Mitotane-driven apoptosis in adrenocortical carcinoma: A molecular insight

Abstract

Aim: The aim of this study was to investigate the responses of antiapoptotic Bcl-2 and proapoptotic Bid genes to Mitotane and other chemotherapy drugs in Adrenocortical Carcinoma (ACC) cells. The purpose was to understand the effects of these chemotherapy drugs on apoptosis-related genes in ACC and to identify potential treatment pathways.

Materials and Methods: The study involved the use of ACC cells to assess gene expressions in response to treatment with Mitotane, Etoposide, and Cisplatin. Gene expression levels of Bcl-2 and Bid were measured after drug exposure, providing insight into the modulation of apoptosis pathways by Rt-qPCR.

Results: The results demonstrated that Mitotane notably affected the expression of the proapoptotic Bid gene in ACC cells, promoting apoptosis. Cisplatin increased the expression of the antiapoptotic Bcl-2 gene and decreased the expression of the proapoptotic Bid gene compared to Mitotane.
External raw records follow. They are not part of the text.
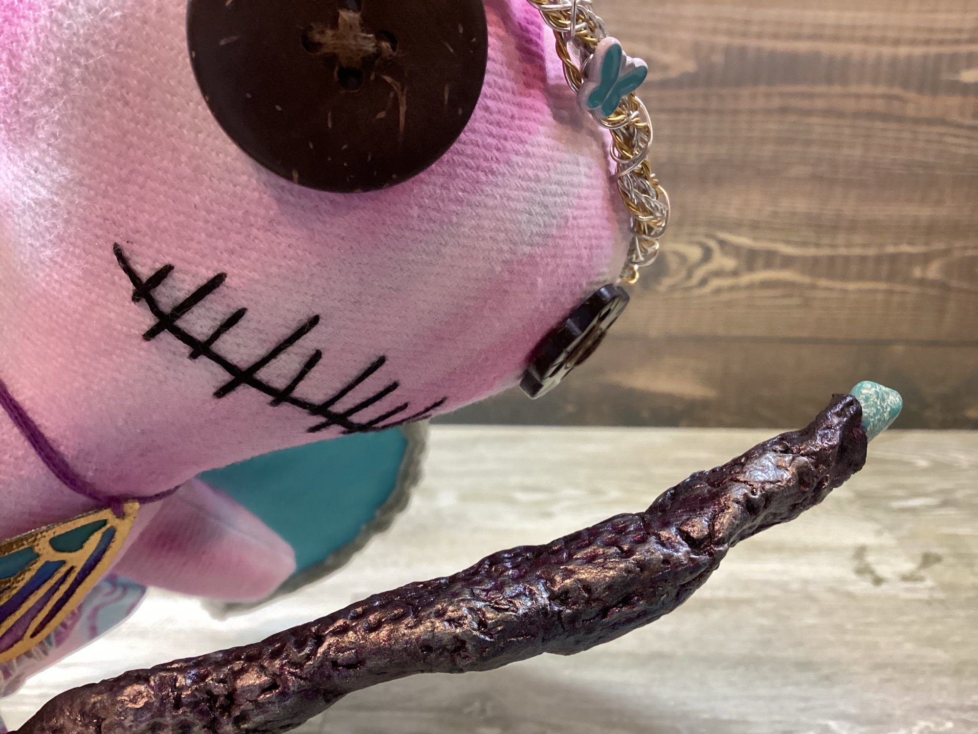 Her wand is handmade using air drying clay and is hand painted. The wand is her gift to you, to help you on your journey. The stone on the top of the wand is an Amazonite. The stone has been saged and has intentions in it to help you on your spiritual journey.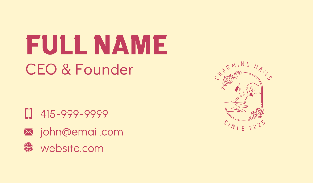 For instance, pinks, lavenders, or light blue will work well for the nail spa example above since they can convey coziness and cuteness better. Rounder designs and a more cartoonish art style can also fit better compared to sharper or minimalist styles.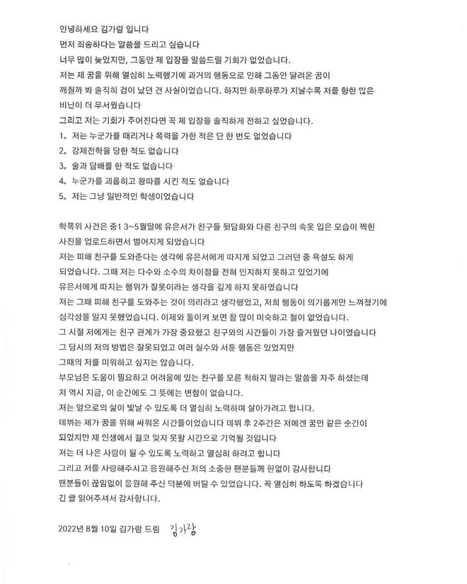 网易娱乐8月11日报道 韩国女子组合LE SSERAFIM前成员金佳蓝在社交平台发长文回应校园暴力争议,否认自己曾参与校园暴力。她强调自己只是个普通的学生,一次也没有打过某人或者施过暴力,没有被强制转学过,没有抽烟喝酒,没有欺负过别人,孤立过别人。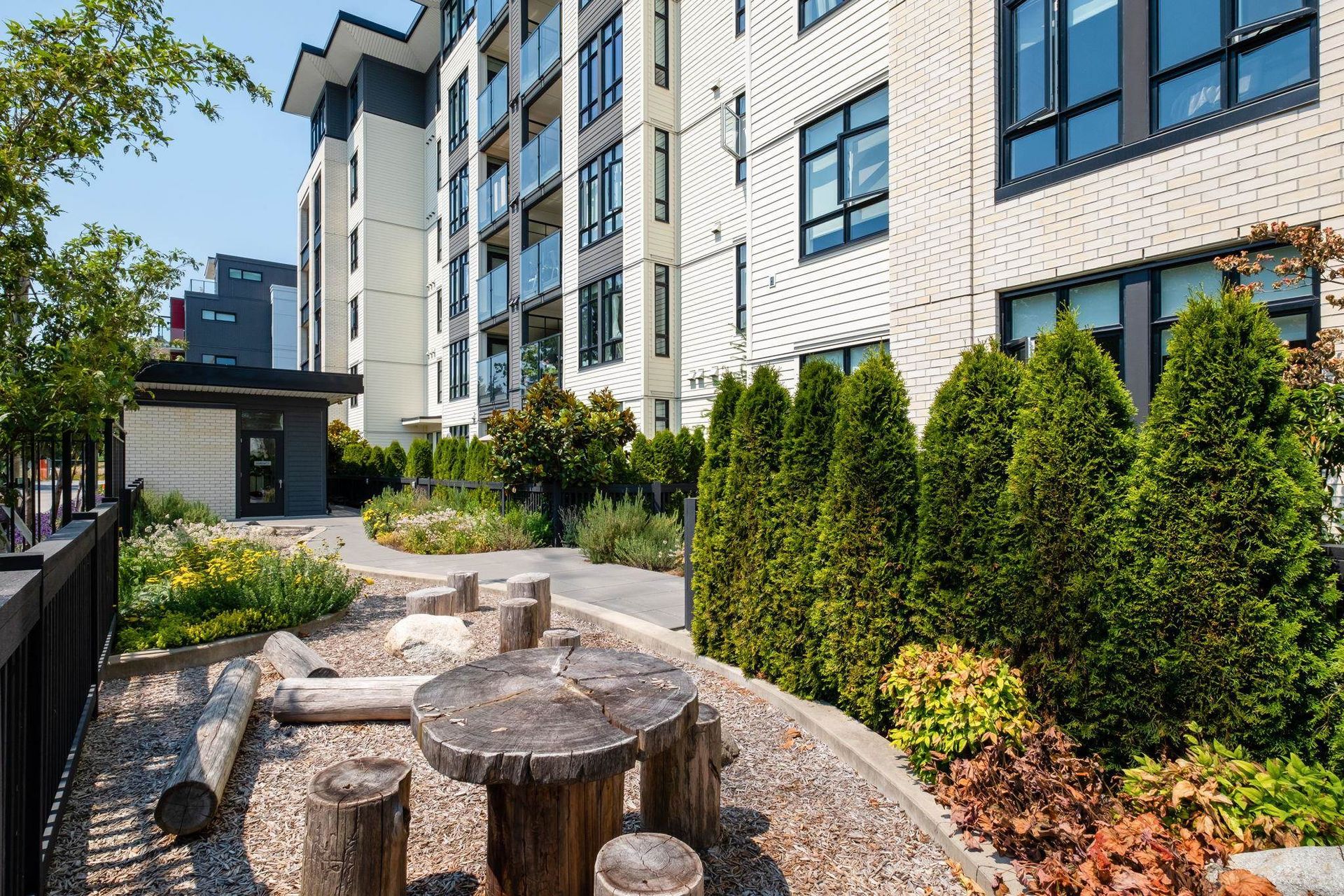 - Landscaped terraces and courtyards with garden plots for herbs and vegetables

Conclusion: This study showed that Mitotane, like other chemotherapy drugs, affects the expression of key apoptosis-related genes in ACC cells. Mitotane significantly affected the proapoptotic Bid gene, indicating its potential as a treatment option for ACC. These findings suggest that Mitotane affects ACC cells, highlighting its importance in ACC therapy.